We do this extensively ;) see the source to Bayes.pm for details.

> But a
> rule-based system can be enfolded into a Bayes solution, because the result
> of evaluating any rule can be considered a token. Imagine if SpamAssassin
> had an optional mode where, instead of using manual scoring, all the active
> rules of its impressively comprehensive ruleset were tokenized? I think
> this would result in most impressive accuracy.

This is under investigation. some previous attempts failed pretty
badly, but we think there might be a way to do it correctly.

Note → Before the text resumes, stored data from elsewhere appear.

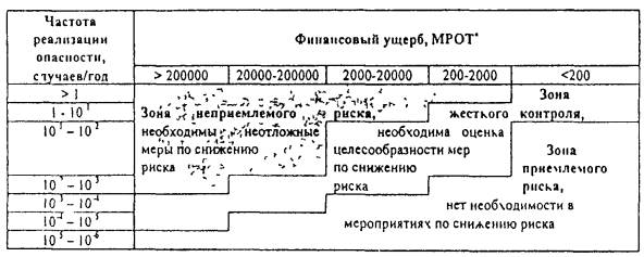 Матрица для определения опасности территорий (зон) по критерию «частота реализации - финансовый ущерб»
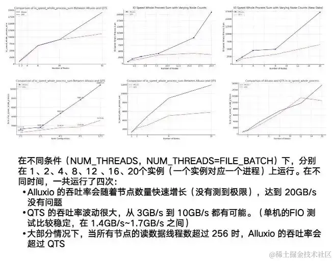 而Alluxio这边,整个测试过程,节点随着运行实例的增加,可以达到一个非常高的上限,我们当时设到 20GB/s时,它都还是呈现出一直向上的趋势。这说明Alluxio整个并发的、分布式的性能非常好。
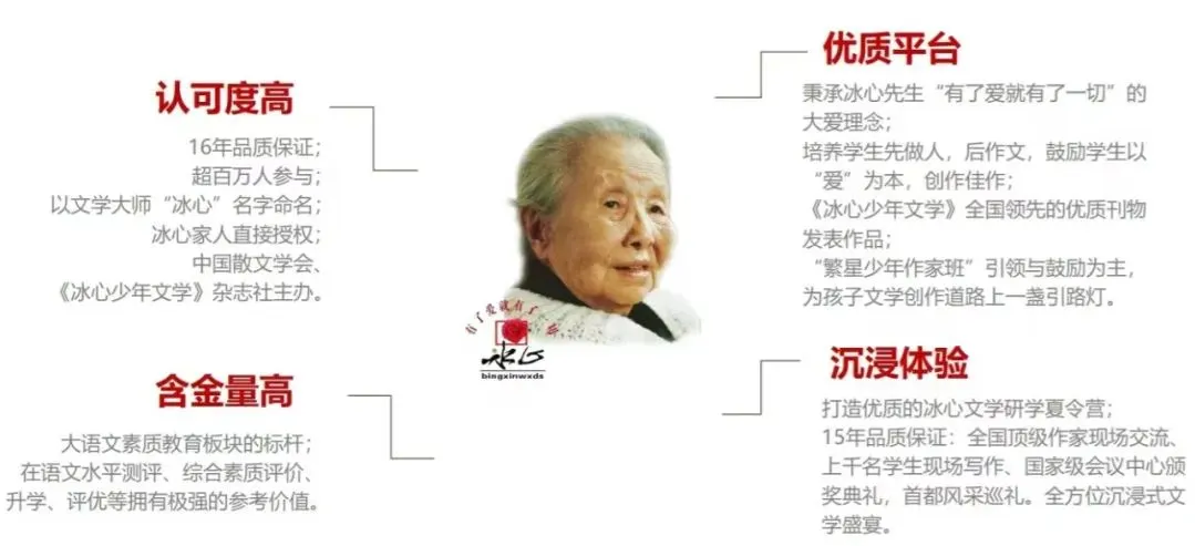 培养文学素养传承冰心先生“真善美”的大爱精神,通过命题写作、自由创作等形式,激发青少年文学兴趣,提升文学素养,帮助树立正确的价值观与世界观。
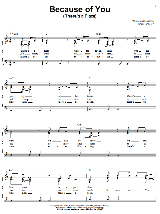 Download or print Paul Oakley Because Of You (There's A Place) sheet music, chords and digital score arranged for Piano, Vocal & Guitar Chords (Right-Hand Melody). This Christian score includes 3 page(s).
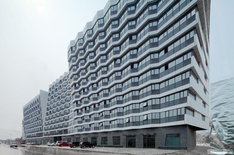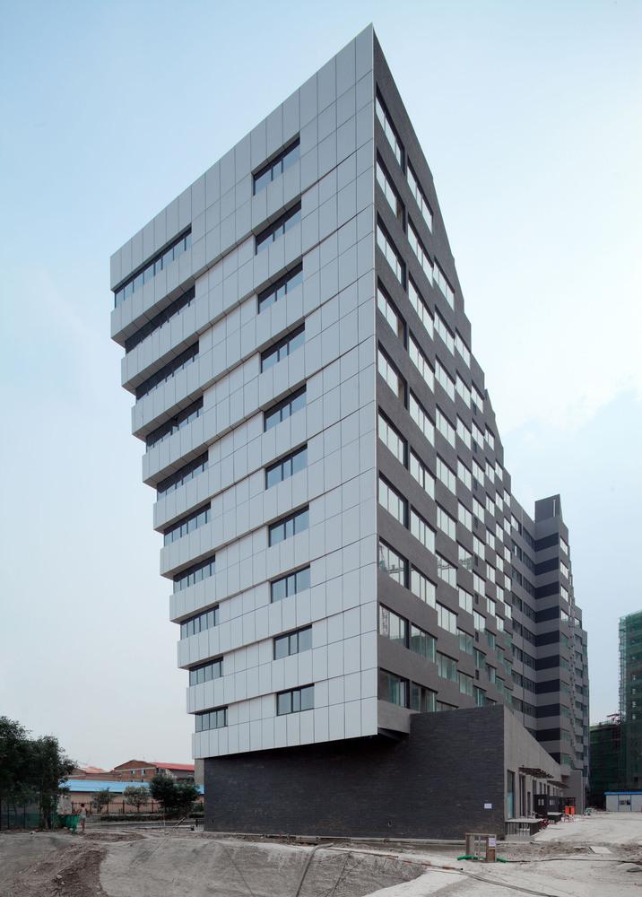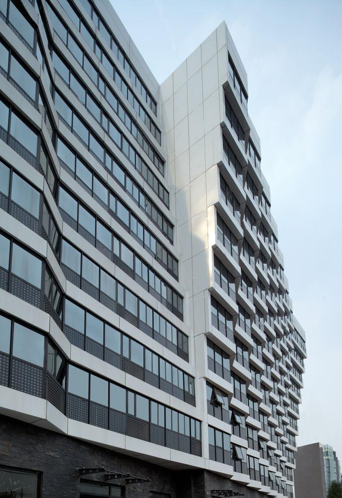 建筑的底層是展廳和商業(yè)。公寓部分在二層以上,大約占總建筑面積的三分之二,因分屬于三個(gè)投資人,業(yè)主希望從形式上有區(qū)分,突出各自的獨(dú)立性。我們以公寓面寬為基準(zhǔn)定義出一個(gè)標(biāo)準(zhǔn)戶型的外觀形式,在南立面上進(jìn)行重復(fù),通過(guò)基本單元有序的懸挑形成錯(cuò)動(dòng),發(fā)展出水平和垂直方向富有動(dòng)感的體量變化,進(jìn)而強(qiáng)調(diào)出辦公和兩部分公寓的清晰分界。于是集合體明確地呈現(xiàn)出四部分,一個(gè)底座和上面三個(gè)起伏的體塊,為內(nèi)容的不同提供了明顯的標(biāo)識(shí)。

> I'm imagining examples such as testing for blacklist membership, which some
> people (mostly elsewhere, apparently) think is a bad idea. I could let
> Bayes decide just exactly how relevant it is to *my* corpus. How about the
> "Message is x% to y% HTML" rules, or "text to image ratio" rules. This
> would develop a very precise profile of what I consider to be ham and spam.
>
> I've emailed Paul Graham and Gary Robinson for their opinions, and both
> agree that this is a good idea. Paul pointed out that he mentions the
> possibility in the appendix to A Plan for Spam, and Gary mentioned a
> commercial product (PureMessage) that apparently does some of this. It sure
> would be nice to see it in SpamAssassin someday.

- --j.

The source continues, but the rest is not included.